3.  Complete due diligence. Due diligence typically refers to the buyer’s investigation of the business or assets that are being purchased. This often includes a review of the seller’s financial statements and key contracts, checking for liens on the assets or other litigation that might impact the business’s prospects, making sure the business has the required permits or licenses to operate, confirming that intellectual property is registered to the business and the related rights will be enforceable, reviewing employment-related information for key employees and contractors, and obtaining any other information the buyer needs to feel confident in moving forward with the deal.

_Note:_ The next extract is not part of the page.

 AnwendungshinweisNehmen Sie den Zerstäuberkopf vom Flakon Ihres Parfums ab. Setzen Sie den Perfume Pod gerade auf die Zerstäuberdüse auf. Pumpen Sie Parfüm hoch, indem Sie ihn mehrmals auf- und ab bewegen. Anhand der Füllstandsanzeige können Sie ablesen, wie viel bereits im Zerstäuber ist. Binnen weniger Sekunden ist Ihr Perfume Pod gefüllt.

4.  Negotiate and draft the Business Purchase Agreement.

5.  If necessary, working with the buyer’s bank to finalize bank financing. Alternatively, if the seller is financing the deal, then the seller will likely insist on various ancillary documents to secure any amounts owed to the seller.

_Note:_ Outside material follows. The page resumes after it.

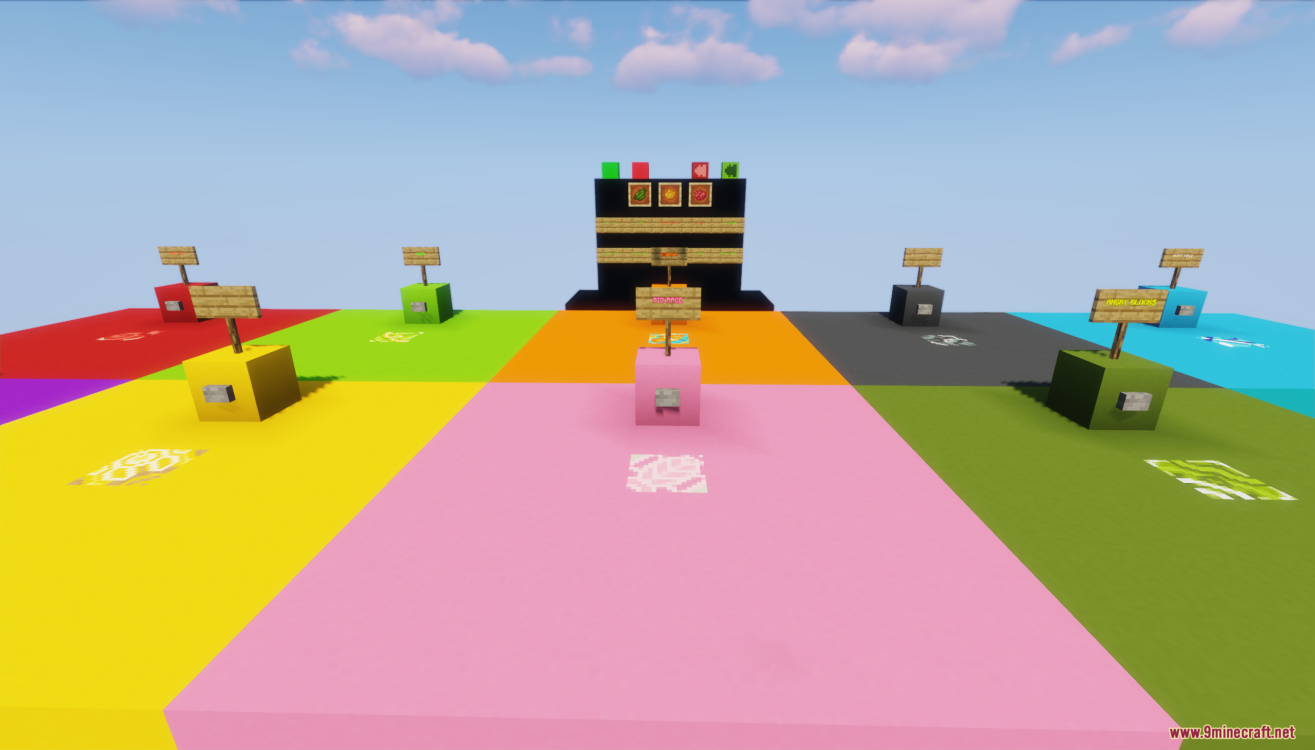 Mineparty Map (1.21.11, 1.20.1) is a massive arcade-style playground built for social fun and friendly competition. Designed to support 2 to 12 players, this map puts more than ten unique minigames at your fingertips – from races and reflex challenges to creative competitions and score chases. Every game is tested and balanced, with an inventory UI system that tracks your stats and keeps score right in-game. All in all, MineParty brings the feel of a bustling arcade into Minecraft for endless multiplayer fun.

6.  Prepare related ancillary agreements. Depending on the terms of the deal, how it’s being structured, and whether new business entities are being created, the final deal will likely involve more documents than just the purchase agreement. Common ancillary agreements include:

  • Bill of Sale and Assignment Agreement: This relatively brief agreement confirms that the assets covered by the purchase agreement and the purchase price (or initial payment) did in fact exchange hands. Think of it like a very formal receipt.
  • Escrow Agreements: Most often used in real estate transactions, these agreements typically confirm that a down payment has been deposited into an escrow account and under what circumstances the down payment may be returned to the buyer.
  • Non-Disclosure/Non-Compete Agreements:Non-Disclosure Agreement may be required early in the negotiation process before the seller will provide confidential information about the business to a potential buyer. On the other hand, the buyer will typically ask the seller to sign a Non-Compete Agreement so that the seller doesn’t start a competing business and simply take all of their former customers or clients down the street. (This can also be incorporated directly into the purchase agreement, along with a non-solicitation provision.)
  • Personal Guarantees: If the buyer is a business entity, the seller may require the individuals who own the business entity to personally guarantee any amounts due to the seller or other legal obligations of the buyer.
  • Security Agreements: If the seller is providing financing for the deal, they will often take a security interest in the assets to ensure the buyer meets their payment obligations. If done properly, the seller will have a lien on the buyer’s assets until the underlying loan is repaid in full.
  • Service or Transition Agreements: These agreements are used to document what obligations the seller has to assist with the transition of the business or its assets to the buyer and whether or not the seller will be provided additional compensation for such services.

In addition, new business entities may need to be formed, and if the purchase involves a franchise, franchise disclosure documents and agreements will also need to be reviewed.

7.  Finally, close the deal. Agreements are signed, the purchase price (or at least an initial payment exchanges hands), and assets/stocks/membership interests are exchanged.